# Coursera Capstone - New Business Location Advisor

## Introduction and Business Problem

This project will provide advice to entrepreneurs who are considering opening a small business in the Greater Toronto Area (GTA). Specifically, it will attempt to identify neighbourhoods where the demand for the type of business they are considering may be the highest.

The approach will be to obtain data regarding the mix of businesses already established in each GTA neighbourhood. The entrepreneur will provide the type of business under consideration. Then each GTA neighbourhood will be compared against similar neighbourhoods in the city to see if there is currently an undersupply or oversupply of that business type in the neighbourhood.

It is important that the comparison be done against similar neighbourhoods and not against city-wide averages in order to take into account the diversity of Toronto neighbourhoods which is reflected in the mix of businesses they provide.

The results will be plotted on a street map of the city, allowing the entrepreneur to easily identify the neighbourhoods with the greatest undersupply and therefore those where demand for their new business is likely to be the greatest.

## Data

The data requirements of the project are:
- the geographical boundaries and identifying information for neighbourhoods in the GTA.
- data describing the businesses in each neighbourhood according to type, price range, and possibly other characteristics.

### Neighbourhoods

The idea of a 'neighbourhood' can be defined in various ways. For the purposes of this project, we will use postal codes. The first three characters of a Canadian postal code define a 'forward sortation area' (FSA), which is the final location from which mail is dispatched for delivery.
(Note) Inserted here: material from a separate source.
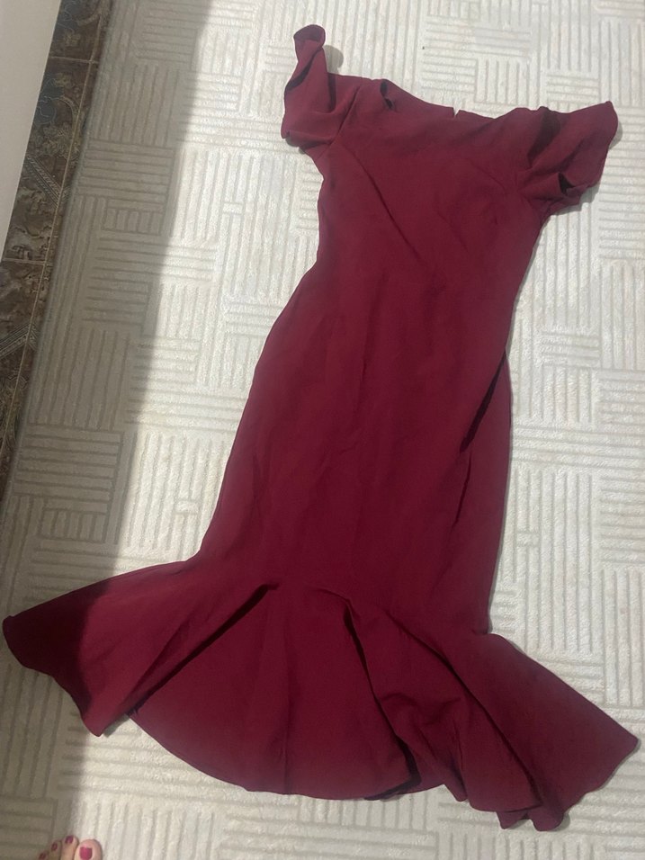 Bordo renkli, drapeli abiye elbise. Modern klasik tarzda, oturan kesimi ve kabarık etek ucu ile şık bir görünüm sunar.

Because Toronto has a large number of natural boundaries - rivers, ravines, parklands as well as the usual man-made barriers like major throroughfares, these generally provide a good correspondence to what Torontonians think of as 'neighbourhoods'. The FSA's in the GTA number approximately 100 which results in reasonably-sized neighbourhoods - not too large or too small.

Although the boundaries between forward sortation areas do often run along major thoroughfares, it can be noted by sampling google maps that for practical reasons, all of the addresses on a given major street are usually placed in the same FSA. This is good for our purposes as well, as it would be rather artificial to consider the businesses on one side of a major street to be in a different 'neighbourhood' from those on the other side.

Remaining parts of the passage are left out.